Is the alternative one-sided (1) or two-sided (2), default is 1.
Must be a positive integer of length 1.
The information rates t_1, ..., t_kMax (that must be fixed prior to the trial),
default is (1:kMax) / kMax. For the weighted inverse normal design, the weights are derived
through w_1 = sqrt(t_1), and w_k = sqrt(t_k - t_(k-1)). For the weighted Fisher's combination test, the
weights (scales) are w_k = sqrt((t_k - t_(k-1)) / t_1) (see the documentation).
The futility bounds, defined on the scale defined by futilityBoundsScale.
(numeric vector of length kMax - 1).
The type of design. Type of design is one of the following:
O'Brien & Fleming ("OF"), Pocock ("P"), Wang & Tsiatis Delta class ("WT"),
Pampallona & Tsiatis ("PT"), Haybittle & Peto ("HP"),
Optimum design within Wang & Tsiatis class ("WToptimum"),
O'Brien & Fleming type alpha spending ("asOF"), Pocock type alpha spending ("asP"),
Kim & DeMets alpha spending ("asKD"), Hwang, Shi & DeCani alpha spending ("asHSD"),
user defined alpha spending ("asUser"), no early efficacy stop ("noEarlyEfficacy"),
default is "OF".
Delta for Wang & Tsiatis Delta class.
Delta1 for Pampallona & Tsiatis class rejecting H0 boundaries.
Delta0 for Pampallona & Tsiatis class rejecting H1 boundaries.
Optimization criterion for optimum design within
Wang & Tsiatis class ("ASNH1", "ASNIFH1",
"ASNsum"), default is "ASNH1", see details.
Parameter for alpha spending function.
Type of beta spending. Type of of beta spending is one of the following:
O'Brien & Fleming type beta spending, Pocock type beta spending,
Kim & DeMets beta spending, Hwang, Shi & DeCani beta spending, user defined
beta spending ("bsOF", "bsP", "bsKD",
"bsHSD", "bsUser", default is "none").
The user defined alpha spending.
Numeric vector of length kMax containing the cumulative
alpha-spending (Type I error rate) up to each interim stage: 0 <= alpha_1 <= ... <= alpha_K <= alpha.
The user defined beta spending. Vector of length kMax containing the cumulative
beta-spending up to each interim stage.
Logical vector of length kMax - 1 indicating efficacy stops. Default is NA.

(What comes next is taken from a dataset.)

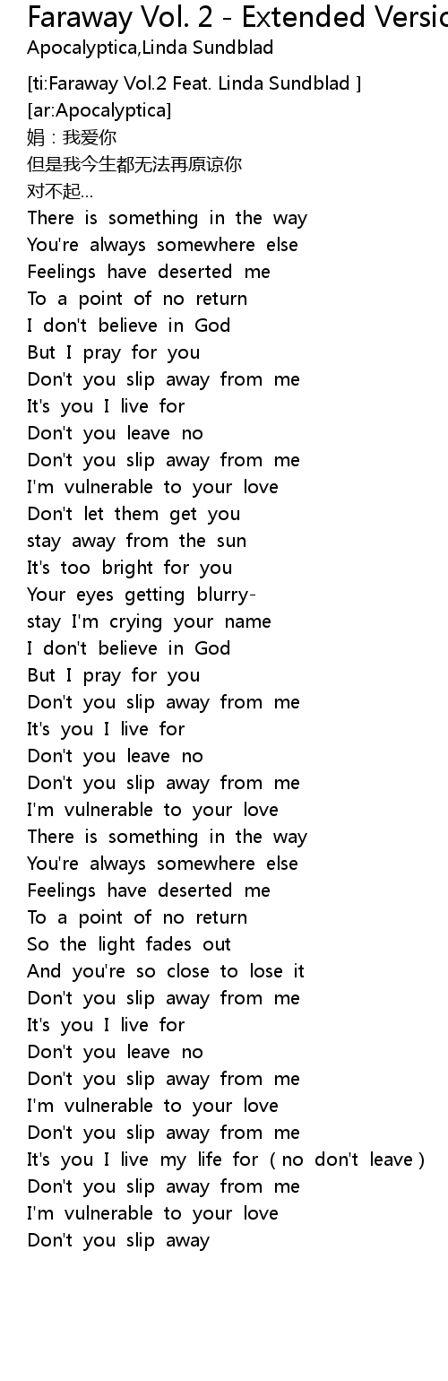 | [ti:Faraway Vol.2 Feat. Linda Sundblad ] | |
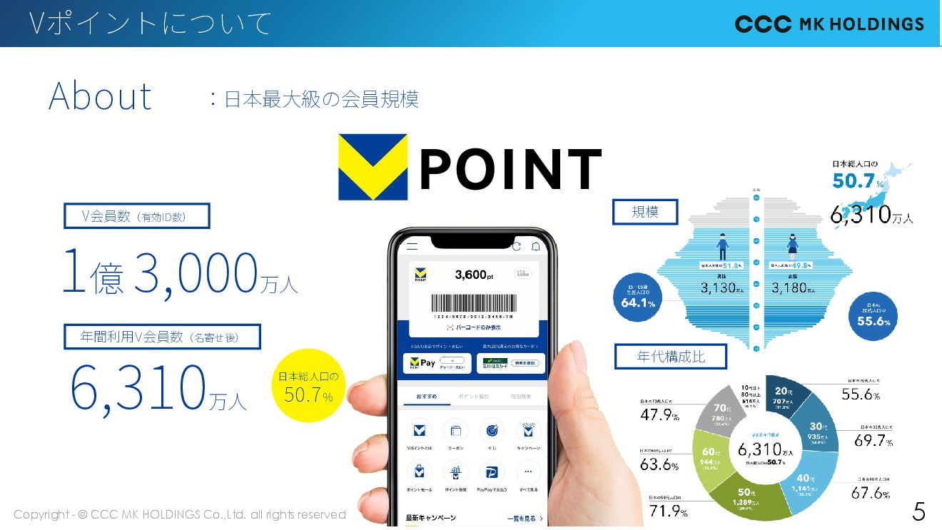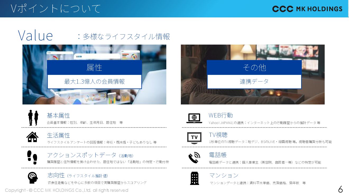 5 About Vポイントについて 5 :日本最大級の会員規模 年代構成比 年間利用V会員数(名寄せ後) V会員数(有効ID数) 1億 3,000 万人 6,310 万人 規模 日本総人口の 50.7%

Logical vector of length kMax - 1 indicating futility stops. Default is NA.
Parameter for beta spending function.
Logical. If bindingFutility = TRUE is specified the calculation of
the critical values is affected by the futility bounds and the futility threshold is binding in the
sense that the study must be stopped if the futility condition was reached (default is FALSE).
Character. The scale of the futility bounds.

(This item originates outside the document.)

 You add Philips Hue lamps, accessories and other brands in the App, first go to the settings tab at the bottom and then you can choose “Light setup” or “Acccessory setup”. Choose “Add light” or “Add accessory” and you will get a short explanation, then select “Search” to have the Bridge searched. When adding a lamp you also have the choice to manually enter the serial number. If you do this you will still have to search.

Must be one of "zValue", "pValue", "reverseCondPower",
"condPowerAtObserved", or "predictivePower".
Default is "zValue".
Logical. Specifies the direction of the alternative,
only applicable for one-sided testing; default is TRUE
which means that larger values of the test statistics yield smaller p-values.
For two-sided beta spending designs, if betaAdjustement = TRUE a linear
adjustment of the beta spending values is performed if an overlapping of decision regions for futility
stopping at earlier stages occurs, otherwise no adjustment is performed (default is TRUE).
The constant bounds up to stage kMax - 1 for the
Haybittle & Peto design (default is 3).
For two-sided testing, if twoSidedPower = TRUE is specified
the sample size calculation is performed by considering both tails of the distribution.
Default is FALSE, i.e., it is assumed that one tail probability is equal to 0 or the power
should be directed to one part.
The numerical tolerance, default is 1e-08.
Click on the link of a generic in the list above to go directly to the help documentation of
the rpact specific implementation of the generic.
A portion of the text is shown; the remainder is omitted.